Но теперь у него была дочь. Что делать с ней? Чему ее учить? Куда вести? Какой пример подавать?
Одному богу известно, каким еще жестокостям могла она подвергаться, брошенная на произвол, всеми покинутая, какими обидами ее душу неокрепшую истязали, отчего она теперь с таким изломанным характером до скончания своих дней проживет. Искалечили девочку, навсегда оставив ее душевным уродом. И это уродство не поправить ни хирургией, ни психиатрией, ни гипнозом. Нет лекарства, нет пилюли, нет терапии от памяти! Это уродство из тех незаживающих язв, которые будут вечно гноиться. И сколько таких изломанных душ по стране!

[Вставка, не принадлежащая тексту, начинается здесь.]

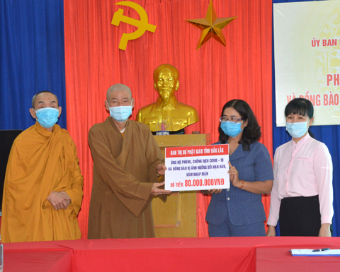Đại diện Ban Trị sự Phật giáo Việt Nam tỉnh trao kinh phí ủng hộ đồng bào bị ảnh hưởng bởi hạn hán, xâm nhập mặn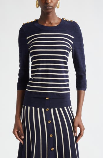 From Nicky Zimmermann's spring '26 Kindred Spirit collection, this sweater evokes nostalgia with its button-detailed shoulders and striping achieved through a mix of jacquard knitting and tailored seaming.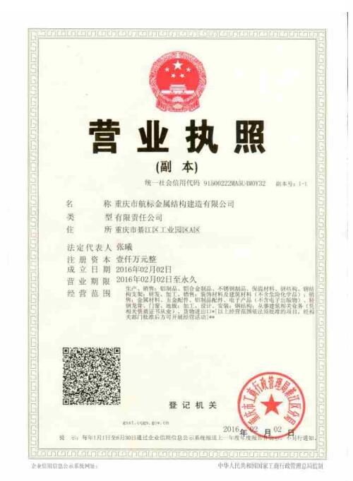 重慶市航標金屬結構建造有限公司主要生產加工三大系列產品:第一是建筑鋁幕墻、建筑新型裝飾材料,如鋁單板、雙曲面鋁單板、鋁質天花板、造型鋁質吊頂板、鋁質蜂窩板、多彩保溫隔熱裝飾一體板的整體制作,以及不銹鋼板、鐵板的成型加工及表面處理;第二是工廠標準化研發(fā)制造各種風格的輕鋼建筑和輕重鋼結合建筑,以及其它裝配式建筑,公司引進高智能化輕鋼成型加工生產線和專用軟件,集建筑設計、鋼結構設計、建筑室內外裝飾設計,鋼結構生產加工、鋼結構裝配安裝、建筑物室內外裝飾裝修全套服務于一體??蛻糁恍璞磉_所需建筑物使用功能意愿,我司即可給出多套設計方案供客戶選擇,按照客戶選定的方案進行快速、高效、節(jié)能、安全環(huán)保的加工建造。我司推出世界各國不同風格、造型各異、全精裝二到三層80——600㎡的輕鋼別墅,從設計到交付使用只需要兩個月左右即可完工;第三是公司配置了目前國內先進的開平生產線,專業(yè)致力于厚度1.0——6mm,寬度600——2000mm的鋁卷加工、銷售。

Пребывая мыслями в темных подвалах своего воображения, которое с изуверской ясностью рисовало детство девочки, Грених не сразу заметил, что напротив него подсел некто в черном и давно что-то рассказывает, услужливо подливает, теребит рукав, в попытке обратить внимание на себя.

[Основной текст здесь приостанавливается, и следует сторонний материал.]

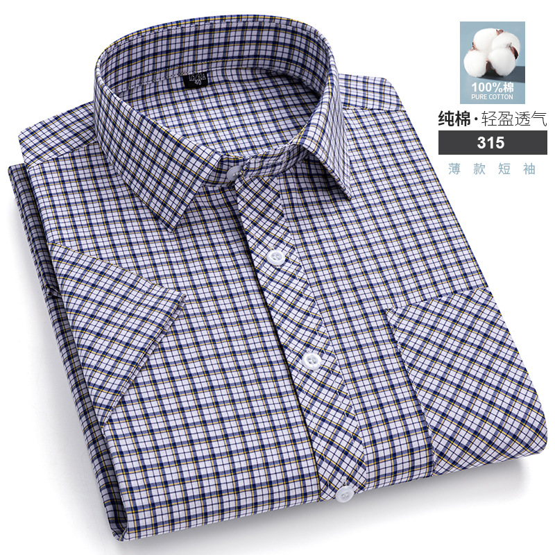 100 면 여름 얇은 남자의 반팔 셔츠 젊은이와 중년 격자 무늬 캐주얼 셔츠 아빠 옷 도매 재고

– Вы ведь недоговорили, товарищ профессор, был ли он отравлен? Неужели стрихнином? Но мне думается, он сам у него стянул… снотворное какое-нибудь. У Зворыкина каких только медикаментов в шкафах нет, и все на виду, при раскрытой двери, а его самого вечно в лаборатории не бывает.
– В какой еще лаборатории? – еле соображая и злясь, что его выдернули из дум, спросил Грених. Сквозь винный туман и едва проступающую картинку заброшенной деревеньки с мрачным лесом и разгромленным поездом наконец удалось разглядеть Зимина. Тот тяжело опустил локти на стол, навалившись на край грудью, наклонился к лицу и, обдавая тяжелым запахом застойной желчи, продолжал говорить и говорить. В бегающих глазах проносились облачка тревоги.
– …Он ведь не такой на самом деле. Все это его позерство. Иные литераторы отчасти хорошие актеры, выдумщики. Уж коли полжизни прокручивать в голове по многу раз разнообразные сюжеты, сцены, диалоги… умение это просачивается в жизнь и становиться частью характера и души.
– Чего? – скривился Грених. Ему показалось, что он бредит, а Зимин явился в пьяном угаре. Нет, как же это гадко с его стороны – напиваться самым что ни на есть грязным и низким образом. Такого с ним не было со времен службы в Басманке. Но он не просто работал в морге, он в нем жил – хочешь не хочешь, начнешь потихоньку спиваться.
– Он не должен был умереть, понимаете! – выдохнул секретарь. – Он и не умер. Всегда это было с ним. Он ведь всегда просыпался, проснется и ныне… Я вам говорю! С пеленок его знаю. Но никто не верит… а так, лишь смеются, предполагают. Это не шутки, товарищ профессор. Я за одно только боюсь, что он сам все это выдумал.
«Какой разговорчивый, а ведь давеча из него и пары слов было не вытянуть», – пронеслось в голове.
– Скажите же что-нибудь, Константин Федорович!
– Что сказать?
– Что он может еще очнуться.
– Может, и очнется. Я не знаю, Дмитрий Глебович, я не Господь Бог.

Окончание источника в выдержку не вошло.